----- Record excerpts
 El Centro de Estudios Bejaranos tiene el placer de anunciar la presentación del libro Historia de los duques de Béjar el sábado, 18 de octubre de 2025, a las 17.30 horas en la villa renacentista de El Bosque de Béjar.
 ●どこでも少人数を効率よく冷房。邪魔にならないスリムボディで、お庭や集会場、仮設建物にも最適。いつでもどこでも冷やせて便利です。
----------
----- Record excerpts
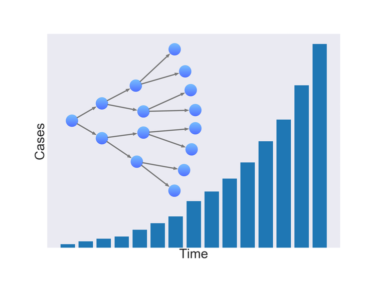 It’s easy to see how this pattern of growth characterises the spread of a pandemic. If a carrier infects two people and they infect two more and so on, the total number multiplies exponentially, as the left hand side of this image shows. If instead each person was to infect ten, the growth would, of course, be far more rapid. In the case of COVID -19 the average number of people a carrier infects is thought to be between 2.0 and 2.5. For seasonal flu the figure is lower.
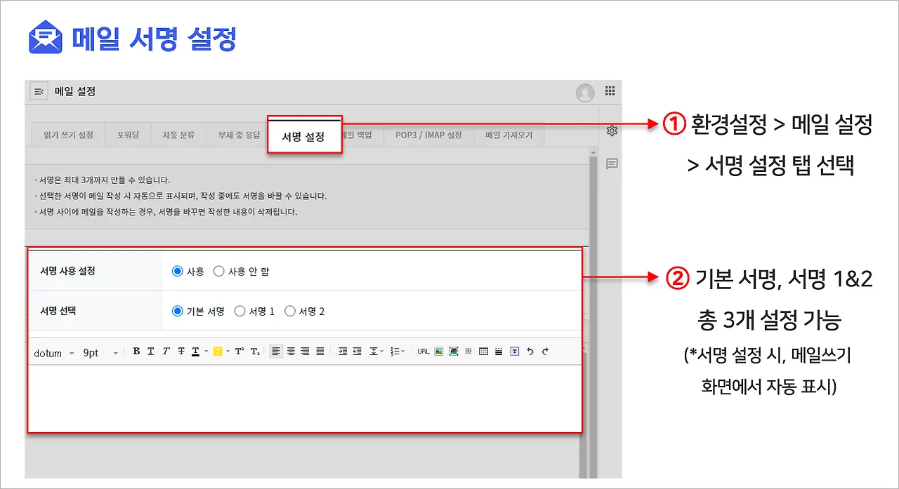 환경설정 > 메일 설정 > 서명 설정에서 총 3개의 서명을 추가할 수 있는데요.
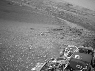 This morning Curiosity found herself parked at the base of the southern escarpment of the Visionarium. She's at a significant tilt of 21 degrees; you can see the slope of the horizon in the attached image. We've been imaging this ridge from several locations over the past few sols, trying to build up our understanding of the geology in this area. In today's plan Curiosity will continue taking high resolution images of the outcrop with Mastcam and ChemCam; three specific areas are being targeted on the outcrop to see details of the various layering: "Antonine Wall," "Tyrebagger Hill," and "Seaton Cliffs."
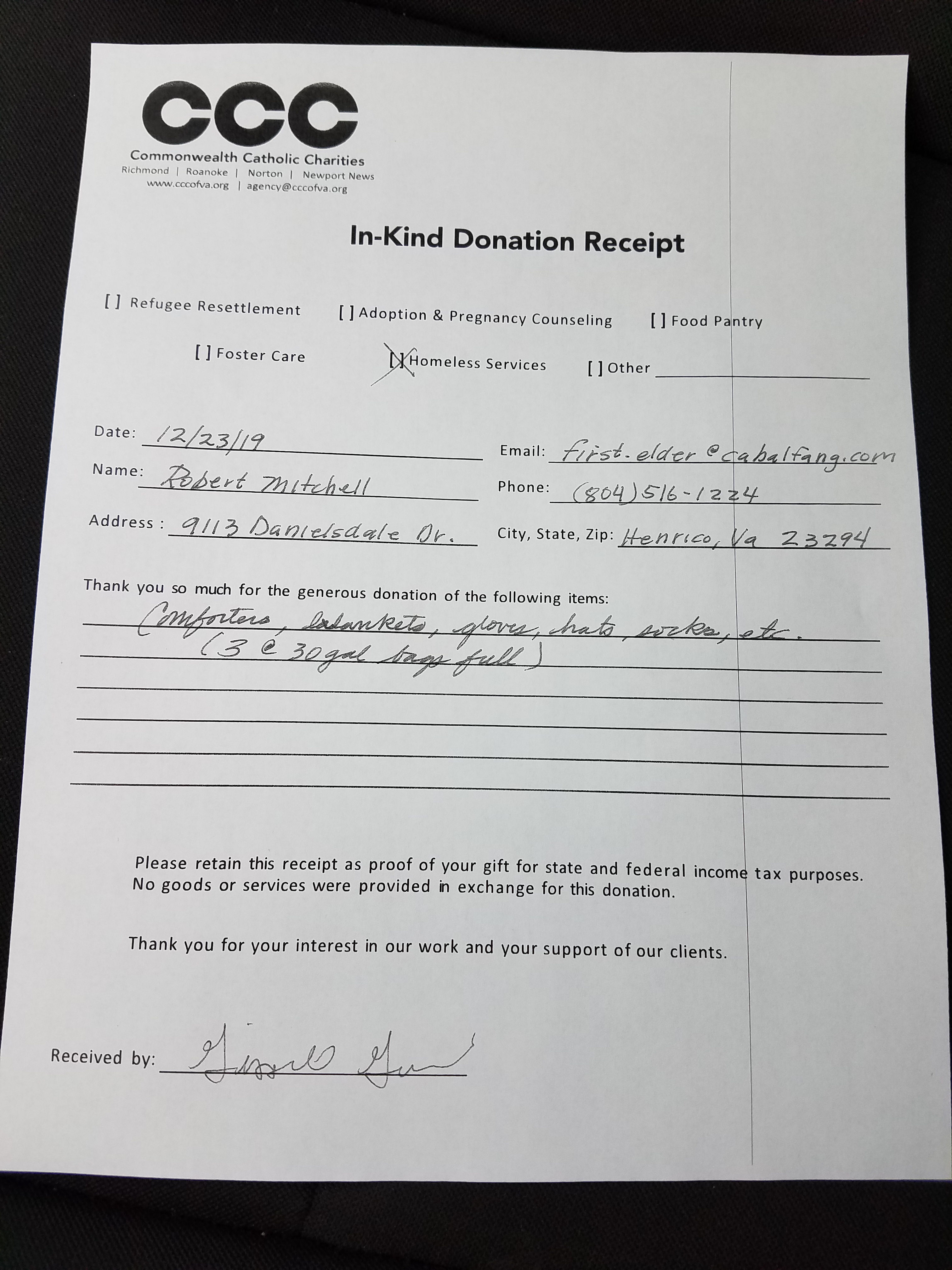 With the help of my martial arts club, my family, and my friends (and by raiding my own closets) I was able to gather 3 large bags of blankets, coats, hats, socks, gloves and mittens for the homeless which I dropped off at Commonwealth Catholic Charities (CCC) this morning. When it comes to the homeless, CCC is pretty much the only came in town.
----------
- Work task -
Using the entries above, repeat exactly the lines from the one with "환경설정 > 메일 설정 > 서명 설정에서 총 3개의 서명을 추가할 수 있는데요." to the one with "This morning Curiosity", both included, and leave the pictures behind.

- Answer to this task -
 환경설정 > 메일 설정 > 서명 설정에서 총 3개의 서명을 추가할 수 있는데요.
 This morning Curiosity found herself parked at the base of the southern escarpment of the Visionarium. She's at a significant tilt of 21 degrees; you can see the slope of the horizon in the attached image. We've been imaging this ridge from several locations over the past few sols, trying to build up our understanding of the geology in this area. In today's plan Curiosity will continue taking high resolution images of the outcrop with Mastcam and ChemCam; three specific areas are being targeted on the outcrop to see details of the various layering: "Antonine Wall," "Tyrebagger Hill," and "Seaton Cliffs."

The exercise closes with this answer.